There is potential differential HIV risk behaviour within the no HC group, with women using condoms for contraception likely to use condoms more consistently (compared with those using other non-hormonal methods) and hence to be at lower risk of HIV infection. We therefore conducted an analysis separating out those in the no HC group who reported using condoms as their main method of contraception, as a separate group.

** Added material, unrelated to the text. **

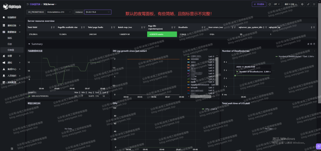 经过作者在 SQL Server 2008 R2 中测试后发现其采集的指标并不全面,并且在夜莺自带的模板中展示也存在缺失,比如:数据库基础信息指标、性能指标等,如下图所示:

Finally to exclude any possible effect of long-term cumulative exposure to HC, we repeated the analysis restricted to those who were not on HC at the screening visit (which occurred up to 6 weeks before enrolment).

All analyses were performed in Stata (version 12.1). A value of P< 0.05 was considered significant.

Results

Baseline use of HC

Baseline characteristics of study participants by use of HC at baseline are shown in Table I: 2499 (29%) women were on DMPA, 1180 (14%) on Net-En, 1410 (16%) on OC and 3574 (41%) on no HC at enrolment. There were notable differences in HC use between centres, with injectable HC use more common in the South African sites, and the majority of Net-En users enrolled through Johannesburg. OC was more common in Zambia. Younger women were more likely to be prescribed HC, particularly Net-En. Net-En users were more likely to have had secondary education and less likely to be employed. Net-En users were also more likely to report using a condom at the last sex act and having sex during menses. Notably OC users were less likely to report using a condom at the last sex act at baseline. Women on no HC were more likely to report not having sex the week prior to enrolment and were more likely to report a history of genital symptoms and to have positive laboratory findings for some sexually transmitted infections.

Table I.

Baseline characteristics of women by hormonal contraception (HC) use at enrolment.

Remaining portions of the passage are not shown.